One wonders what the Australian immunologist would make of developments such as the identification of genes predisposing individuals to inherited diseases, the genetic engineering of pest-resistant crops, and the retrieval of DNA from the tissues of extinct animals.

One advance of which he would surely approve is the dramatic transformation in scientists' tools for investigating infectious diseases. Typical is a mysterious and lethal form of pneumonia that appeared in New Mexico last May. Six months later, scientists at the Centers for Disease Control and Prevention (CDC) in Atlanta, Georgia, have identified the virus responsible by using molecular biology to demonstrate its kinship with one that causes a milder disease in Europe. These and other members of the same family are called hantaviruses, after the Hantaan River in South Korea where yet another family member, Hantaan virus, caused fevers and deaths among troops serving in the Korean war.

Research in Atlanta has now revealed the close relationship between eight known hantaviruses, which are carried by rats, mice and other small rodents and in most cases can be transmitted to humans. The technique used to demonstrate this kinship is called the polymerase chain reaction (PCR), which amplifies tiny quantities of DNA. Although the CDC researchers investigating the New Mexico incident did not originally know what microbe they were dealing with, they applied this method to amplify DNA from the tissues of dead victims. They were thus able to compare the DNA with that of other, familiar microbes. They found that it resembled two other hantaviruses, including Puumala virus, which occurs in Scandinavia and elsewhere in Europe.

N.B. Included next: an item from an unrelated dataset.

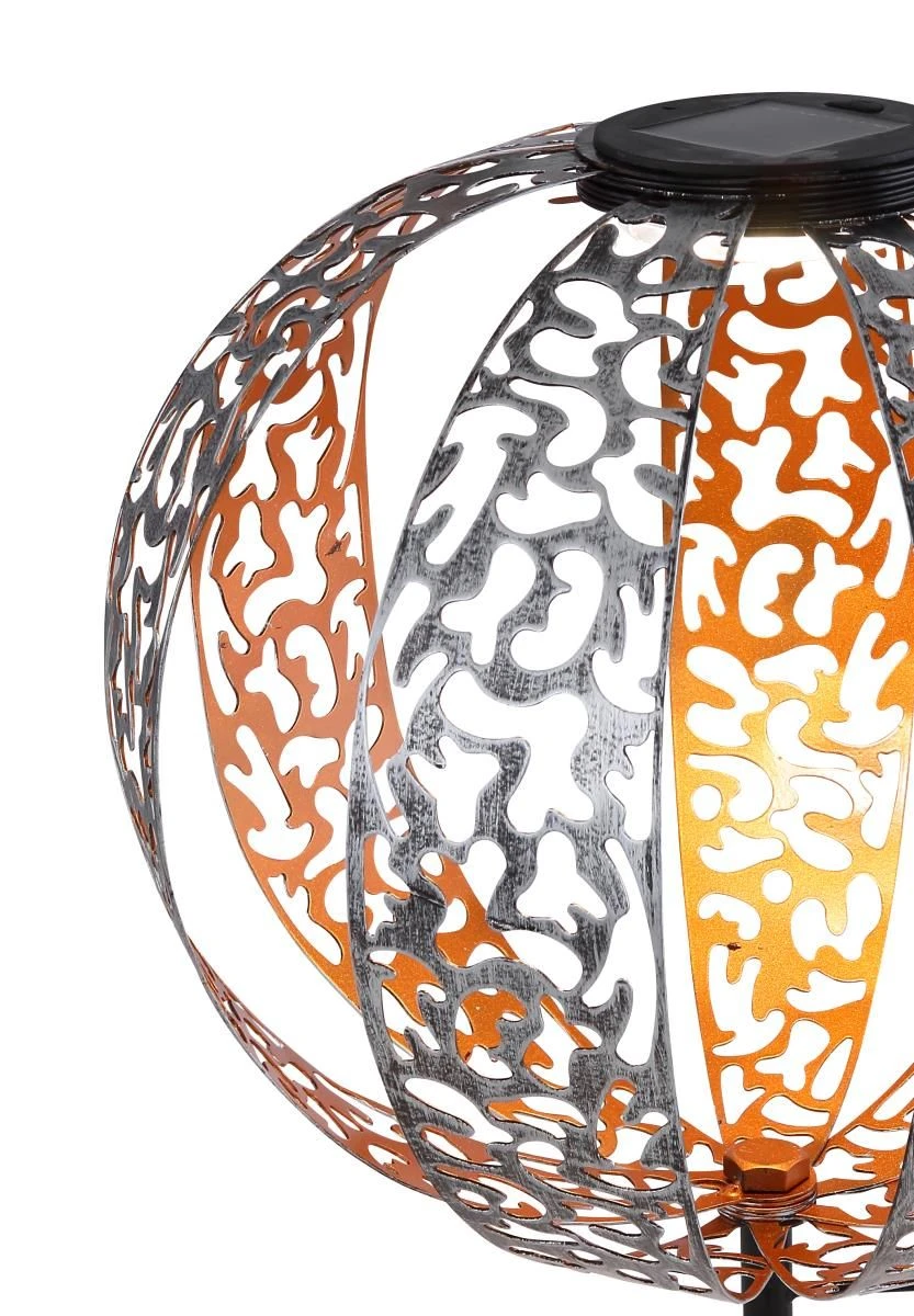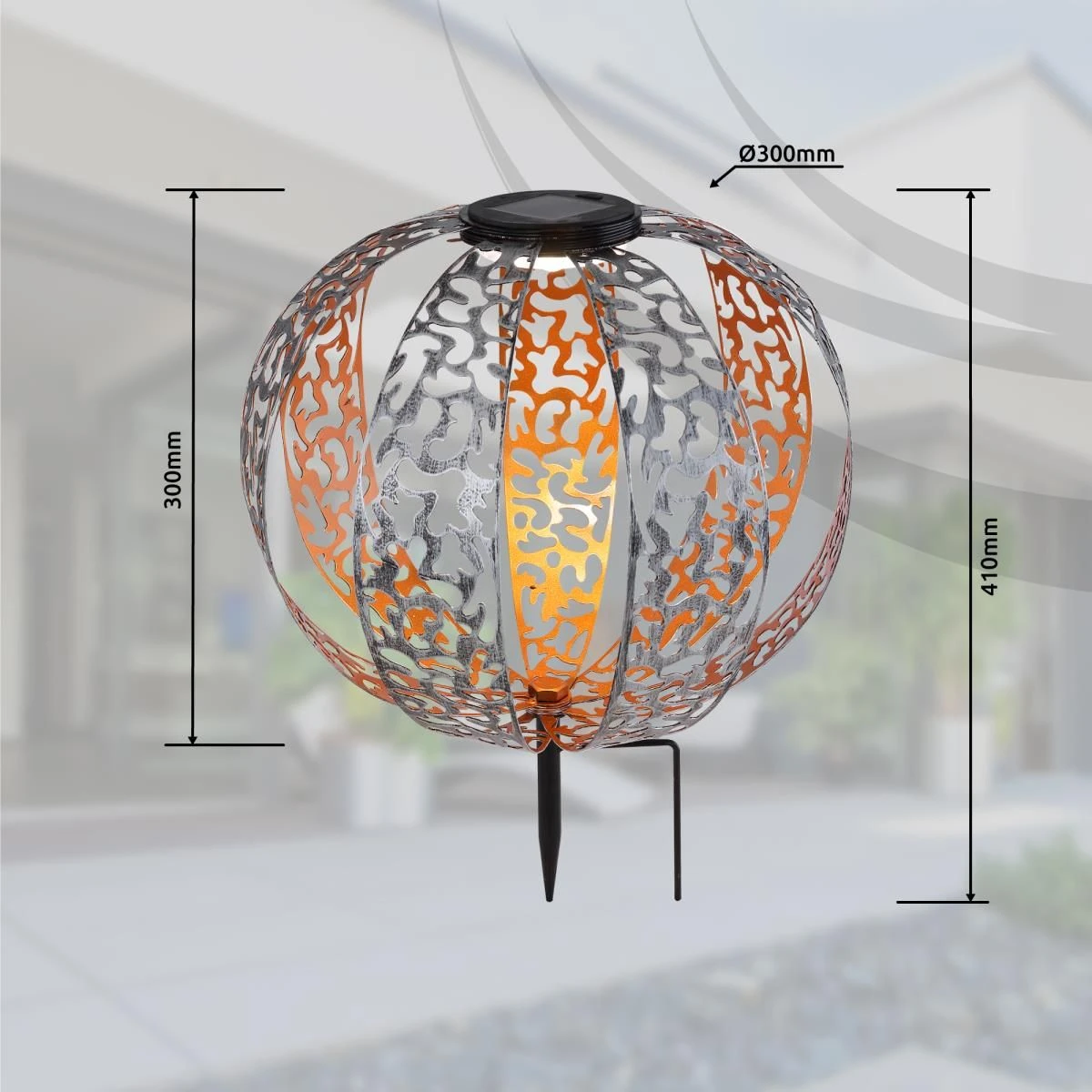 Das angenehm warmweiß leuchtende LED-Leuchtmittel scheint von oben auf das elegant ausgestanzte Muster der seitlich angebrachten Metallstreben, welche eine Kugel mit einem Durchmesser von 300mm bilden. Das Licht dringt duch das im Inneren der Kugel goldfarbene Metallgitter. Ab einsetzender Dämmerung eröffnet sich Ihnen somit ein beeindruckender Schattenwurf.
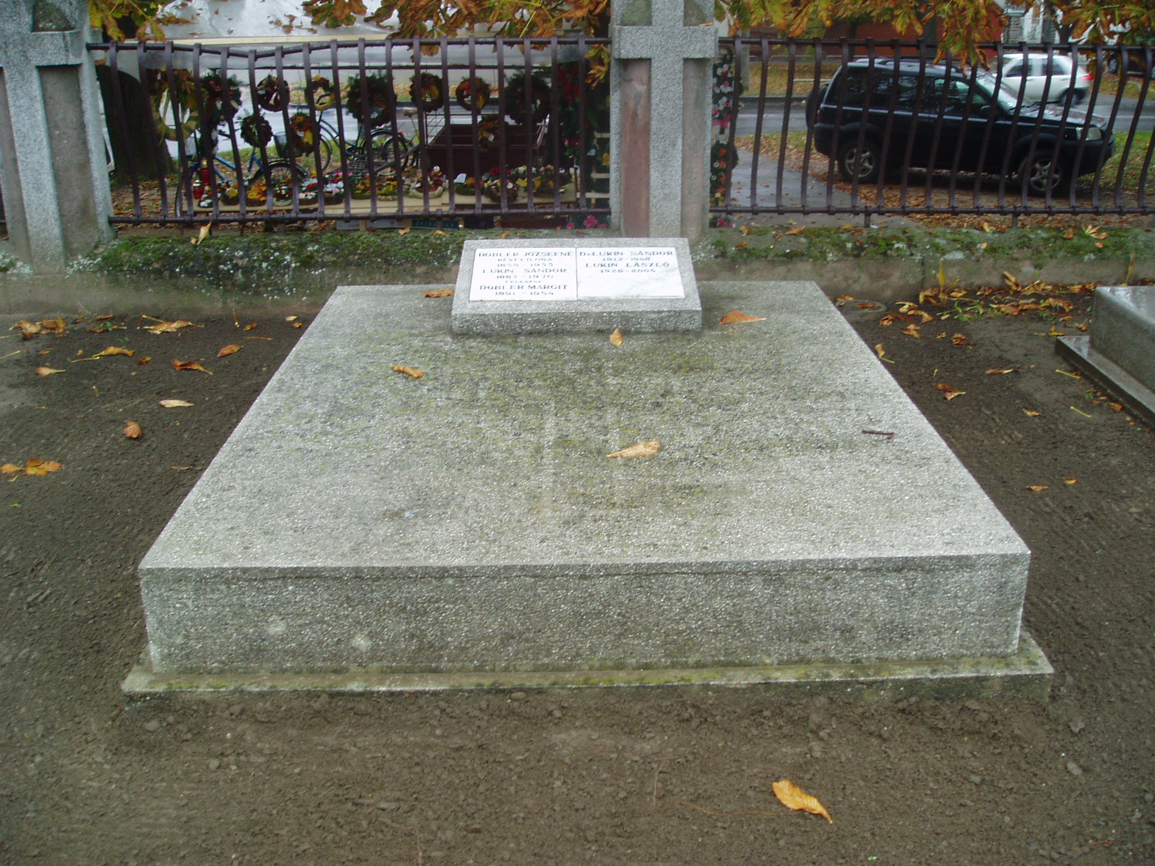 Nyilvános 1150 | 2154 | Baja, Rókus utca: Rókus temető - Lukin László sírja | A Rókus temetőben nyugszik a bajai születésű legendás pedagógus, karmester, egyházzenész Lukin László. 2004. augusztus 18-án, életének 79. évében hunyt el. 1950-től nyugdíjazásáig a fővárosi Fazekas Mihály Gimnáziumban tanított, s mellette személyesen és a televízión keresztül több nemzedéket nevelt zenehallgatásra, zeneszeretetre. Baja díszpolgárának nevét szülővárosában ma általános iskola viseli. Emléktáblát a helyi Liszt Ferenc Zeneiskolában avattak tiszteletére. A fénykép 2007 októberében készült. |

The New Mexico virus came to light when a young man died in hospital a few days after attending the funeral of his fiancee. Both had succumbed to sudden, acute chest infection. At least 40 others were attacked by the same virus, now known to be transmitted by deer mice, and 26 of them have died. The other hantaviruses affecting humans produce a condition known as haemorrhagic fever with renal syndrome (HFRS), characterised by haemorrhages and kidney failure. Despite these effects, HFRS is significantly less lethal. Hantaan virus killed 7 per cent of its victims during the Korean war, while Puumala virus has mortality of less than 1 per cent.

Recent recognition of the relationship between the hantaviruses, facilitated by PCR, has coincided with an increasing realisation that they pose a threat to human health in many parts of the world and certainly whenever infected rodents are in contact with humans. The virus appears to be transmitted by aerosol from the animals' urine and faeces.

Any increase in the size of an infected rodent population almost inevitably triggers a rise in human infections. The New Mexico outbreak has been traced to a population explosion in deer mice, caused in turn by an abundance of pine nuts and grasshoppers after heavy snows disturbed the ecology of the deserts and mountains last spring. Dr Peter Kulzer, of the University of Wurzburg, writing recently in the Lancet, reported 40 cases of HFRS in Germany in the first half of 1993 - an unusually large number - which he suggests is related to a proliferation of small rodents.

There is little firm information about hantavirus infections in Britain. There were two cases in Scotland during the 1980s and earlier this year scientists at the public health laboratory in Taunton reported an acute illness in 29 patients with antibodies indicating that they had been infected with hantavirus. The most severely infected individuals developed a high fever, swelling of the face, neck and extremities, malaise lasting for months, and a tendency to haemorrhage. Many of the patients worked in rat-infested areas, and research is now in progress to determine what proportion of rodents in Somerset carry hantavirus.

Worldwide, an estimated 200,000 people are infected with a hantavirus each year, and between 4,000 and 20,000 of them die as a result. With virtually no treatment yet available, the best hope of reducing this toll, and of combating future outbreaks, rests on the development and application of vaccination - which, in turn, requires better definition of high-risk groups and the geography of the infection. And that, despite Sir MacFarlane Burnet's gloomy prognostication, means more applied molecular biology.